Heterophile antibody test


Heterophile antibody test

The test is sensitive for heterophile antibodies produced by the human immune system in response to EBV infection.

The monospot test, a form of the heterophile antibody test,[1] is a rapid test for infectious mononucleosis due to Epstein–Barr virus (EBV). Commercially-available test kits are 70-92% sensitive and 96-100% specific.[2] It will generally not be positive during the 4-6 week incubation period before the onset of symptoms. It will also not generally be positive after active infection has subsided, even though the virus persists in the same cells in the body for the rest of the carrier's life.

Contents

Process

The test relies on the agglutination of horse RBCs by heterophile antibodies in patient's serum.
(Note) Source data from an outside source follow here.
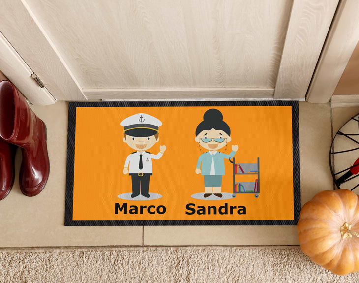 Con nuestro felpudo profesiones, podrás diseñar tu propio felpudo escogiendo entre 100 personajes diferentes. ¿Sois una pareja formada por un policía y una profesora? ¿Compartis piso tres estudiantes de enfermería? ¿Tu padre quiere presumir de ser el mejor bombero del país? ¡Seguro que a todos os encanta este felpudo! Elige hasta 6 personajes, color de fondo y tendrás un felpudo único. Importante: nuestro equipo de personalización se encargará de ajustar la distribución de los personajes en el producto en función de su tamaño para que se vean lo mejor posible. Importante: si tu profesión no está entre las que hemos diseñado, escríbenos a info1@regalooriginal.com y la hacemos en tiempo récord. Material: goma y microfibra.
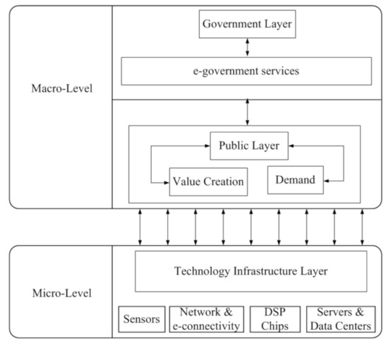 The overall framework can be squeezed into the macro-level and micro-level as depicted in Figure 1. The technology infrastructure level is referred to as the micro-level; this is because micro processing of data as well as sensor interfacing, and network computing are done in this layer. The macro-level concentrates more on public services that are related to creating value and demand for the citizens and this layer is referred to as the government layer [1]. This work emphasizes the micro-level framework only.
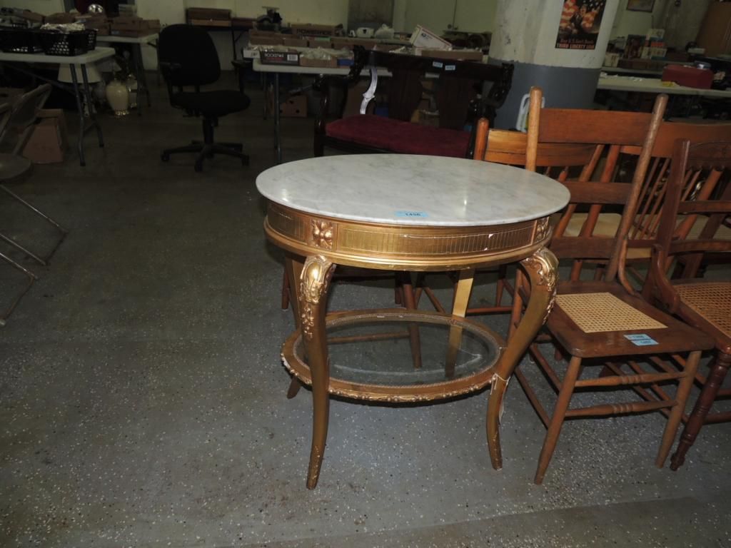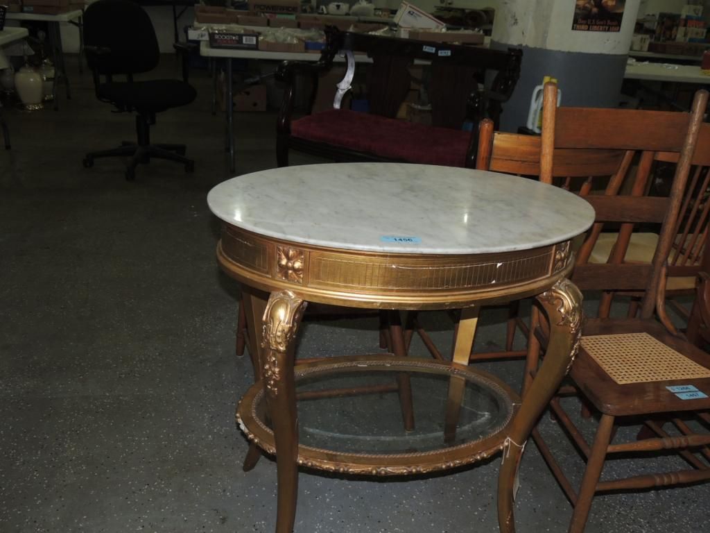 FRANCE EARLY 1800 OVAL PARLOR TABLE WOODEN GESSO GILT MARBLE TOP. AS SHOWN. SEE PHOTO FOR MORE DETAILS.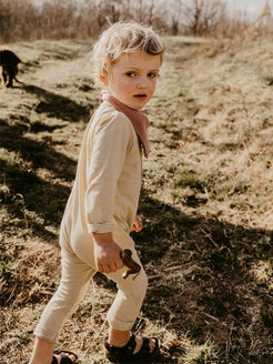 Soft, sophisticated, and functional, our bandana-inspired, two-tiered linen bib features brushed brass snaps in the back for easy on and off. Wear it with a beloved Free-Ranged Playsuit or any of your favorite basics.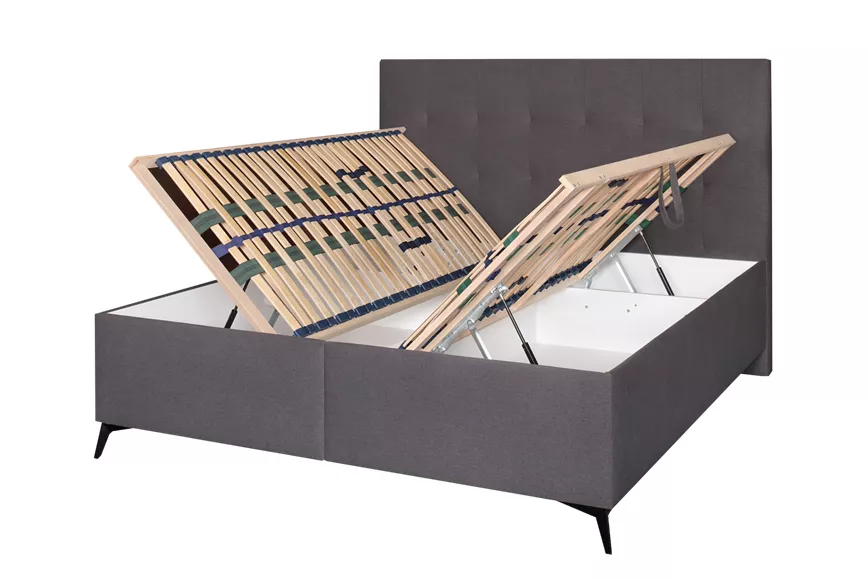 Posteľ Venuša predstavuje elegantné a praktické riešenie pre moderné spálne. Jej čalúnená základňa v tvare boxu zaisťuje pevnosť, stabilitu a dlhú životnosť. Každý box je vybavený odvetrávaným úložným priestorom, ktorý je ľahko prístupný pomocou bočných výklopných roštov s plynovými vzperami. Tento systém umožňuje pohodlné otváranie aj pri každodennom používaní.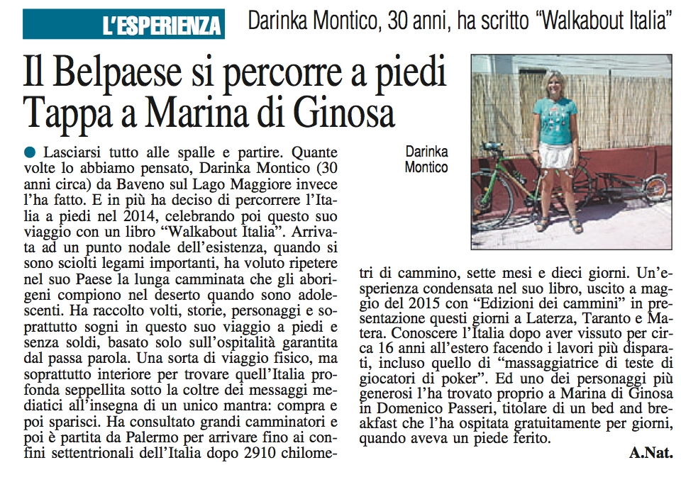 | Darinka Montico, 30 anni circa, ha percorso 2.910 chilometri a piedi. Ora è in giro per l'Italia con una bicicletta in bambù per promuovere il suo libro: "Walkabout Italia". |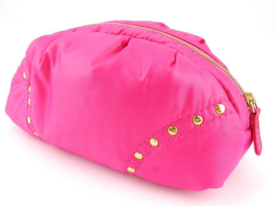 Pre-owned ANNA SUI studded pouch with apple charm in pink, gold, and white. Women's.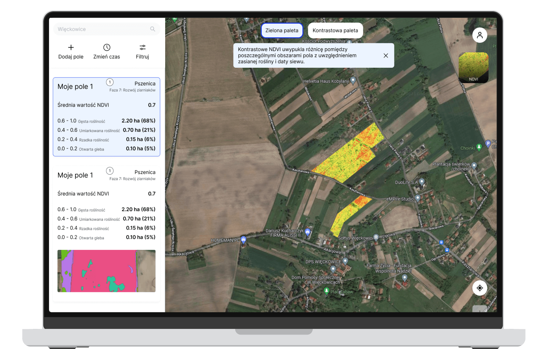 - Oszczędność czasu i pieniędzy: NDVI pozwala na bieżące monitorowanie stanu roślinności bez konieczności przemieszczania się po polu. Dzięki temu rolnicy mogą oszczędzić czas i pieniądze, które mogliby przeznaczyć na inne działania.

Heterophile means it reacts with proteins across species lines. [3] A 20% suspension of horse red cells is used in an isotonic 3-8 % sodium citrate formulation. One drop of the patient’s neat serum to be tested is mixed on an opal glass slide with one drop of a particulate suspension of guinea-pig kidney stroma, and a suspension of beef red cell stroma; sera and suspensions are mixed with a wooden applicator for 10 times. Ten micro liter of the horse red cell suspension are then added and mixed with each drop of absorbed serum. The mixture is left undisturbed for one minute (not rocked or shaken). Examine for the presence or absence of red cell agglutination. If stronger with the sera absorbed with guinea-pig kidney, the test is positive. If stronger with the sera absorbed with beef red cell stroma, the test is negative. If agglutination is absent in both mixtures, the test is negative. A known 'positive' and 'negative' control serum is tested with each batch of test sera.

Indications

It is indicated as a confirmatory test when a physician suspects EBV, typically in the presence of clinical features such as fever, malaise, pharyngitis, tender lymphadenopathy (especially posterior cervical; often called "tender glands") and splenomegaly.[4]

Usefulness of the test

Because the specificity of the test is high, a positive test is useful in confirming EBV. However, the sensitivity is only moderate, so a negative test does not exclude EBV.

This lack of sensitivity is especially the case in young children, many of whom will not produce the heterophile antibody at any stage and thus have a false negative test result.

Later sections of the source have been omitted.